Yes, that’s right – the mercerized cotton, which I’d been led to believe would be less absorbent, was actually the most absorbent sample!

And the organic cotton, which I assumed would be very absorbent, was eerily waterproof.

I guessed that yarns 2 and 3 may have some fibre-processing treatment residue that was affecting their absorption rate, so I decided to re-run the absorbency test after washing and drying the samples, and see if that made a difference.

Washing Test

I put all 4 samples in a mesh laundry bag (this one is designed for washing bras, so it’s a nice compact size for washing a big batch of cosmetic rounds!) and ran them through the washer and dryer with my regular laundry.

comparing cotton yarns for crocheted cosmetic rounds

How did they fare after the laundry cycle? Let’s see:

comparing cotton yarns for crocheted cosmetic rounds

Not a lot of difference. Here are my observations on close examination:

  1. Fluffed up a bit on washing but also got considerably softer. (And, from my experience of using these for a few weeks now, they don’t look any worse after repeated washings than after the first wash.)
  2. Softened a bit on washing and didn’t fluff up.
  3. Fluffed slightly on washing. It was already very soft, so I don’t think it softened further.
  4. No difference at all – still smooth and firm.

Post-Wash Absorbency Test

I re-ran the absorbency test in exactly the same way as before, with 0.6ml of water dropped onto the centre of each pad.
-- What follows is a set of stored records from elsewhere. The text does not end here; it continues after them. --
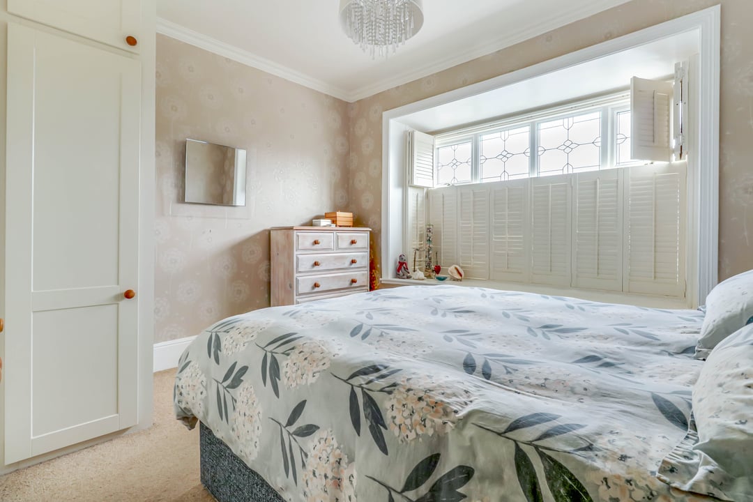 Master bedroom with fitted wardrobes. Large double glazed bay window with window seat and fitted shutter blinds.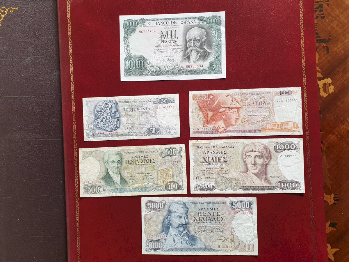 Greek banknotes: this is the complete series from the 80s. There are creases, mini tears on the edges except for the 100 drachmas which has visible tears of several millimeters as shown in the photos, and some dirt. The condition is still quite good.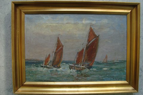 Maleri - Sejlskibe på åbent hav. - sign.: V. Bang.C.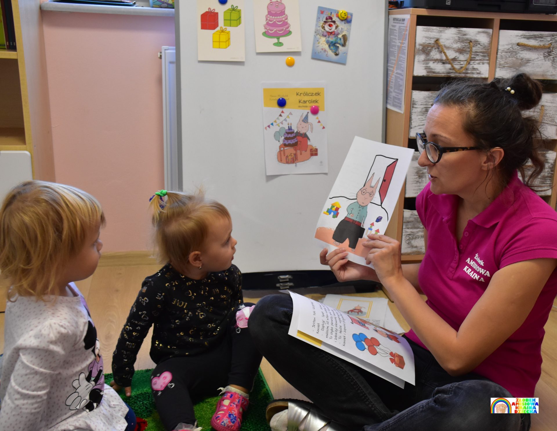 Tematem dzisiejszej bajkoterapii w Amisiowej Krainie Dziecka w Zduńskiej Woli, były Urodziny Króliczka Karolka. Dzieci dowiedziały się po co robi się urodziny i dlaczego dostajemy wtedy prezenty, poznały nowe zwroty grzecznościowe proszę i dziękuję.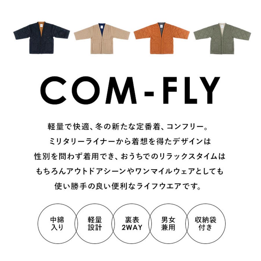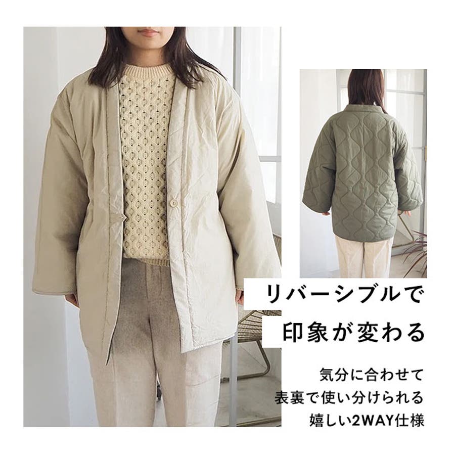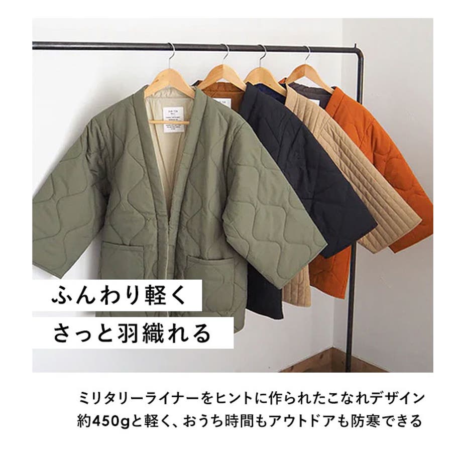 ・ミリタリーライナーをヒントに、作られたデザイン。中綿入りで、サッと羽織れば手軽に防寒◎

comparing cotton yarns for crocheted cosmetic rounds

  1. The water soaked in immediately.
  2. The water absorbed over a 5-second period and soaked right through the pad.
  3. The water still didn’t absorb at all. The only way I could get it to wet the pad was to rub the water around on the surface with my finger.
  4. The water soaked in immediately.

So, 1 and 2 became more absorbent after the wash, but 3 did not, and still seems highly water-repellent:

comparing cotton yarns for crocheted cosmetic rounds

Here’s a close-up of 3 so you can (just about) see the big blob of water sitting on the surface of the middle of the pad (and clearly see a tiny droplet just to the left). I still can’t account for this behaviour – it was completely unexpected.

comparing cotton yarns for crocheted cosmetic rounds

And here’s the big shocker – the completely soaked mercerized cotton.


Although the yarns did look and behave differently, any of them would work as cosmetic rounds – and I’ll be adding all these samples to my stack!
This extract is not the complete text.